Great stuff! Now I just need to figure out why my radio won’t come on even though it’s getting power. While digging around the fuse panel I also discovered that I’m not getting power to the instrument lighting fuse. All of the other fuse blocks are getting power. Just something else to try to figure out. I did all my own welding,bodywork, painting, headliner, upholstery etc. but when it comes to electrical, I’m damn near an idiot
 
where exactly did the smoke come out of? Photos are helpfull.
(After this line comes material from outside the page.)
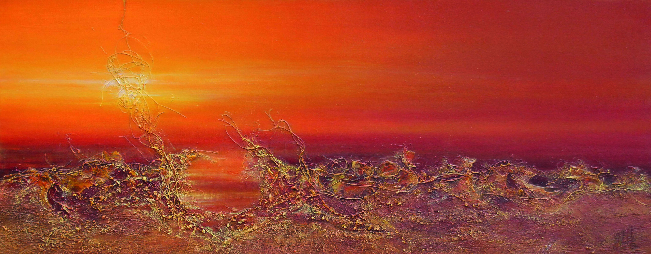 Oneindig mijmeren bij zonsondergang over de lagune. Mixed media acryl.
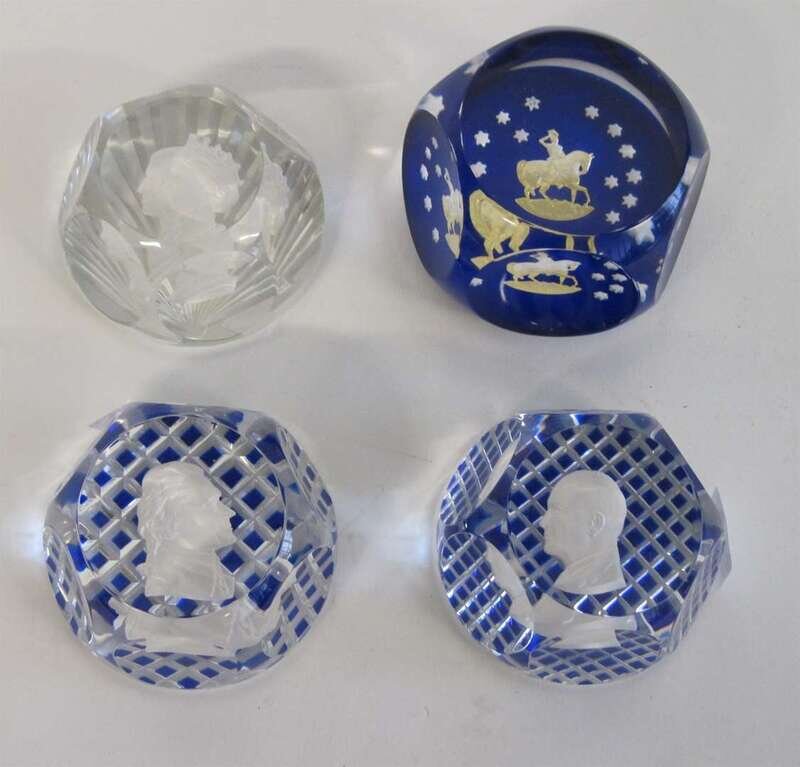 The first commemorating Queen Elizabeth's inauguration, signed and dated 1953; the second commemorating Dwight D. Eisenhower, on a cobalt blue waffle-cut ground, dated 1954 and one depicting Thomas Jefferson, on a cobalt waffle-cut ground, dated 1954; together with a Saint Louis Sulphide, depicting George Washington on horseback, 52/250. (4).

Also how troublesome is it to pull the radio?
 
The value of these suppression caps is unimportant, although as old as some of they are, they could be shorted, leaky or so low in capacity that they are ineffective. Just about any "real" parts store should show universal supression caps in their numerical/ pictorial books. Even a breaker points distributor cap would work, it's all "if" you can figure a way to mount the thing.
 
OK so disregard power feeding the instrument panel lights and radio lights. The dimmer part of my light switch is not working correctly so I need a new light switch. Still need help about the radio not coming on
 
I’m thinking that the smoke was coming from the condenser wire on the back of the gauge cluster if not from inside the gauge cluster and just seem to be by the wire of the condenser. I shut everything off immediately so I didn’t get a real good look but again it seem like it was coming from the pigtail of the condenser
 
OK so remember the part about me being an idiot? So this whole time we’re having this wonderful discussion my gauge cluster has been out of the dash but still connected to both the nine pin connector and the ignition. Then I thought well maybe the gauge cluster needs to be mounted in and somehow grounded to the frame of the dash and I put the gauge cluster back into the opening of the dash and the radio came on. I then removed the gauge cluster again as it was and the radio is still working still. WTF???
 
But now I actually have static that I didn’t have yesterday with the car not running. But I will take everyone’s help to heart and figure out these different noise suppression techniques.
 
Maybe I fried the condenser on the back of the gauge cluster
 
I’m just going to continue to babble here. Perhaps my ranting might help somebody else down the road. I had another old Gage cluster and swapped out the condenser but still the same static. At least I know I didn’t fry the first condenser. Yes maybe the voltage regulator got stuck. The static may be atmospheric but not sure because I have no interference on my other car. But I thank everybody for their help and giving me some direction to go with this static issue.
 
The only thing in the cluster that would affect the radio is the ammeter. It must be jumpered to provide power to the rest of the car. Anything else, if shorted, would blow the fuse supplying the radio
 
Well I went back to Later in the day to try the radio and now it’s not working again
 
The antenna trimmer is sometimes behind one of the outer knobs , you must pull it to find the small hole and use a long thin plastic screwdriver to turn the pot that is inside.